I purchased this book on a bit of a whim from The Warehouse. I am a bit of a browser in the book section most times I enter The Warehouse, just like at Whitcoulls or Paper Plus or my other favourite book stores Pennys (Chartwell Square) and Wright's Bookstore in Cambridge and that fantastic bookstore in Matamata that truly only has books!
I think what attracted me to this book, Sunset Ridge, was the cover, soldiers silhouetted in an obvious World War I setting. I have to confess to being a bit of a historical novel junkie, and when you throw a World War in I'm generally hooked.
So here is the cover and back of the book blurb:
I haven't read this author before, but apparently Nicole Alexander is a best selling author in Australia and had a book called The Bark Cutters shortlisted for the Australian Book Industry Award in 2011, and yep, she is an Australian. To find out more about Nicole Alexander and her books, click here.
It took a little bit for me to get into this book. It starts out in 2000 in the Queensland outback on the road. The introductory character, Madeleine, is rather prickly and not initially an easy character to connect with.
Then, before you know it, you are flicked back into France, behind the Western Front, 1916. You get introduced to a whole lot of new characters.
Then you're in the Queensland outback in 1916 meeting more characters, Madeleine's forebears. The novel flicks back between these settings and times throughout. It gradually fleshes out the characters and their relationships and backstories and why they are who they are. It also gradually puts together how an outback family and a French family have connections.

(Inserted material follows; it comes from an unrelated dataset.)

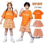 キッズダンス衣装 セットアップ トップス オレンジ 韓国 子供服 ヒップホップ キッズ チェック柄 短パンツ スカート ハーフ丈 5分丈 体操服 ダンス衣装 k-pop 演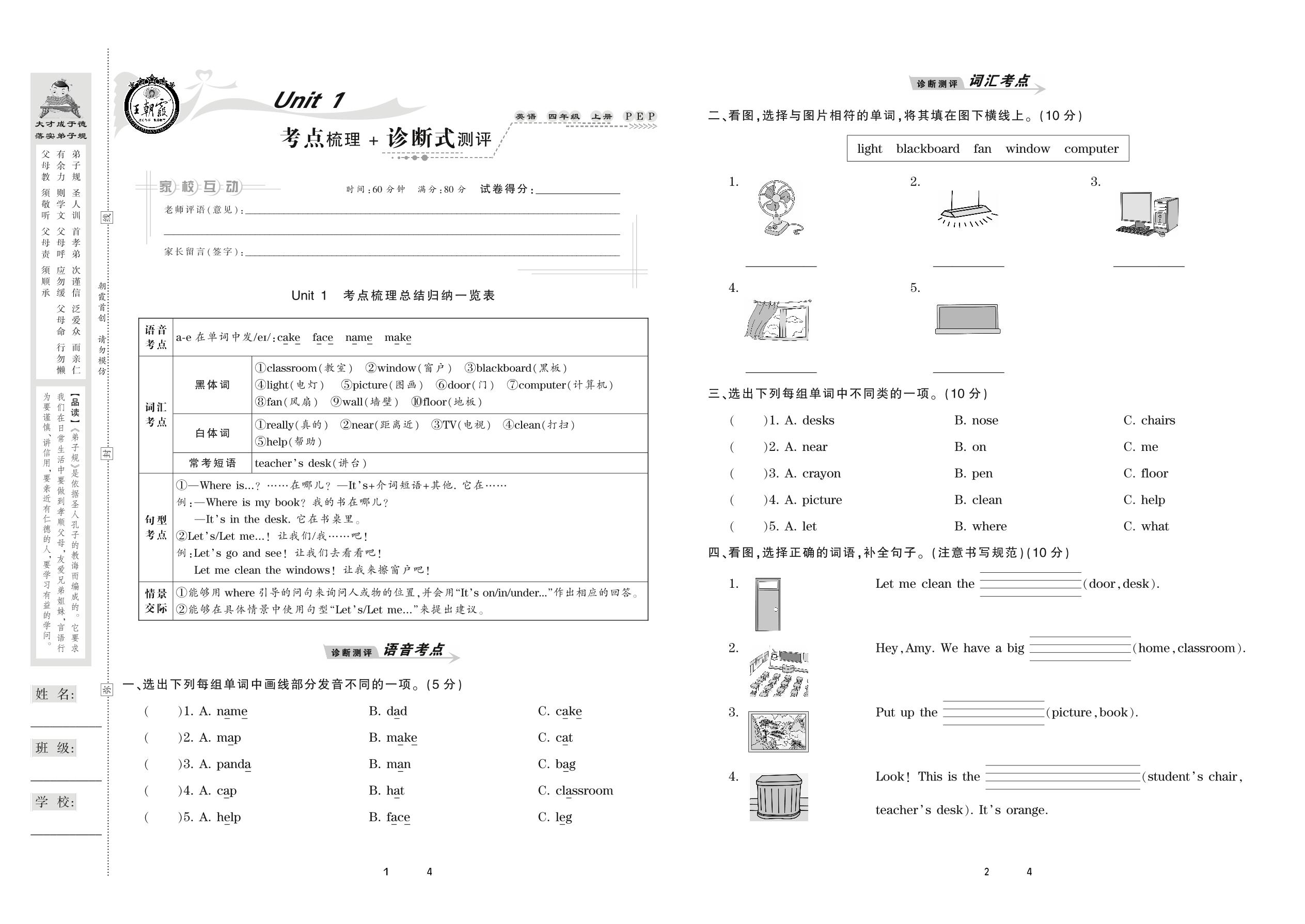 2020上册四年级英语PEP版 Unit 1 考点梳理+诊断式测评

While it took me a good 200 or so pages to connect with this 472 page novel, I did eventually get invested in the characters and their story. It also reaffirmed to me what a terrible war WWI was in terms of what mankind can do to each other, how the first industrial mechanical war could cause such havoc and have an effect long after it ended to the land and the people. It also was interesting to see a side to the war that we don't often reflect on, how those with German ancestry in Australia (and most likely in New Zealand too), no matter how tenuous, were treated during that time.